*DATA EXCERPT:*
===============

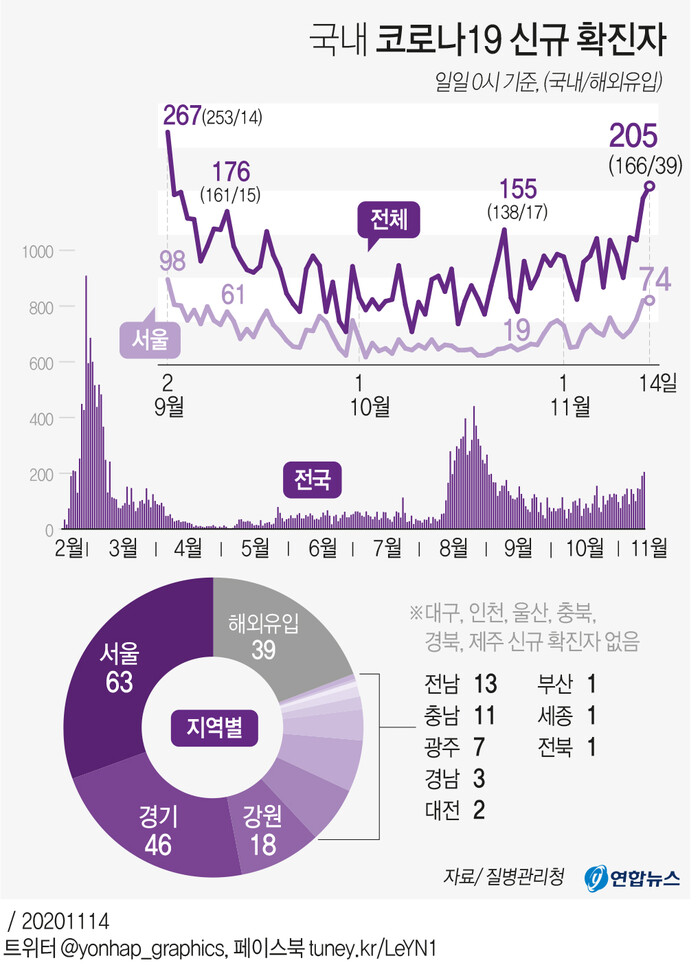 전날 신규 확진자 205명의 감염경로를 보면 지역발생이 166명, 해외유입이 39명이었다. 지역발생 확진자는 전날(162명)보다 4명이나 늘었다. 지역발생 166명은 지난 9월 4일(189명) 이후 71일만에 가장 많은 수치였다.
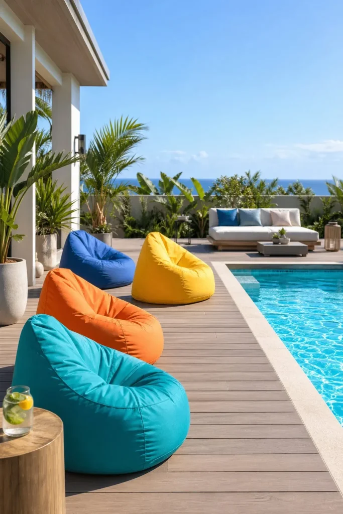 16. Waterproof Bean Bags for Easy Poolside Lounging
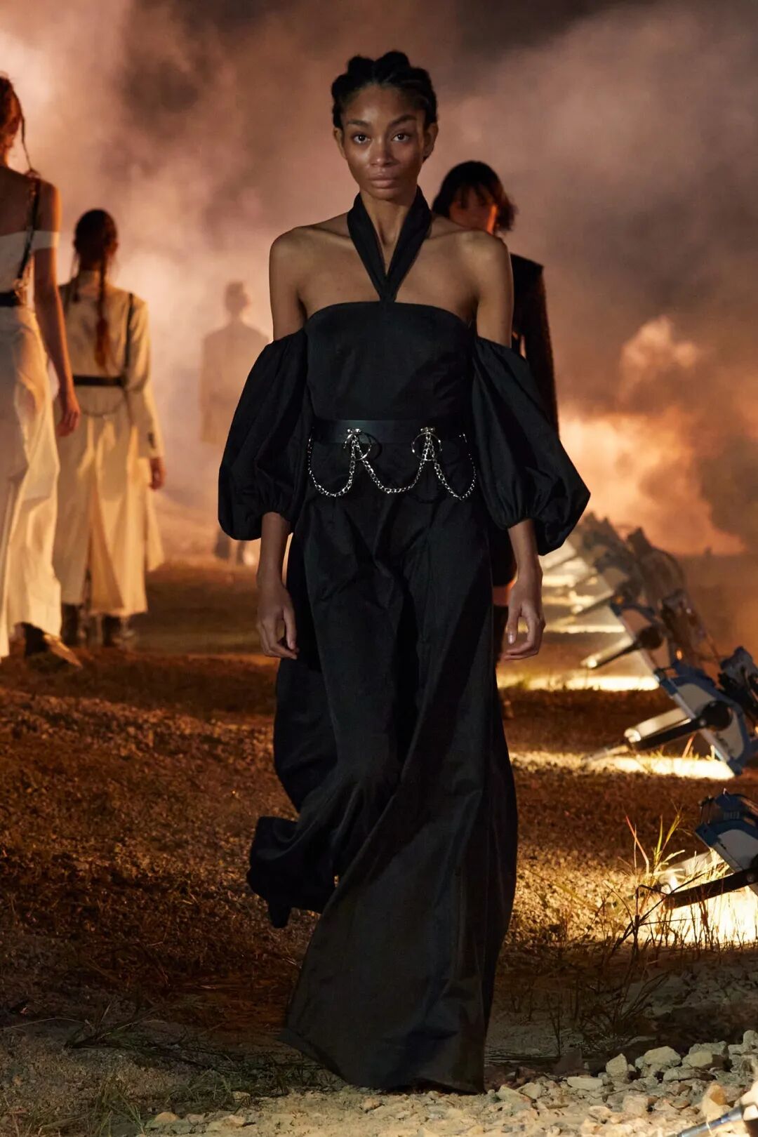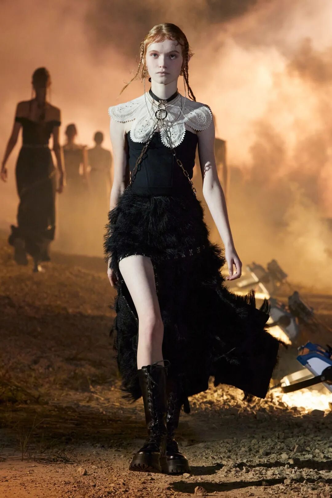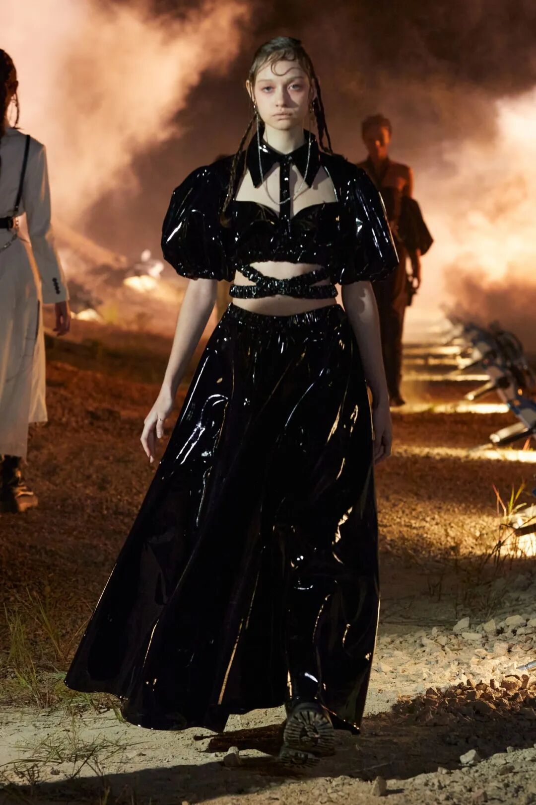 设计师称这部电影让他在疫情封锁期间,感受到了数小时孩子般的想象世界的乐趣。设计师想把这种天真无邪的感觉传达给观众——尽管秀场的布置是让模特在烟雾笼罩的火光中出现,周围充满像是世界末日般的火焰。

===============

*EXERCISE GOAL:*
The answer must be the full listing, exact in every line, with the pictures removed.

*EXERCISE OUTPUT:*
 전날 신규 확진자 205명의 감염경로를 보면 지역발생이 166명, 해외유입이 39명이었다. 지역발생 확진자는 전날(162명)보다 4명이나 늘었다. 지역발생 166명은 지난 9월 4일(189명) 이후 71일만에 가장 많은 수치였다.
 16. Waterproof Bean Bags for Easy Poolside Lounging
 设计师称这部电影让他在疫情封锁期间,感受到了数小时孩子般的想象世界的乐趣。设计师想把这种天真无邪的感觉传达给观众——尽管秀场的布置是让模特在烟雾笼罩的火光中出现,周围充满像是世界末日般的火焰。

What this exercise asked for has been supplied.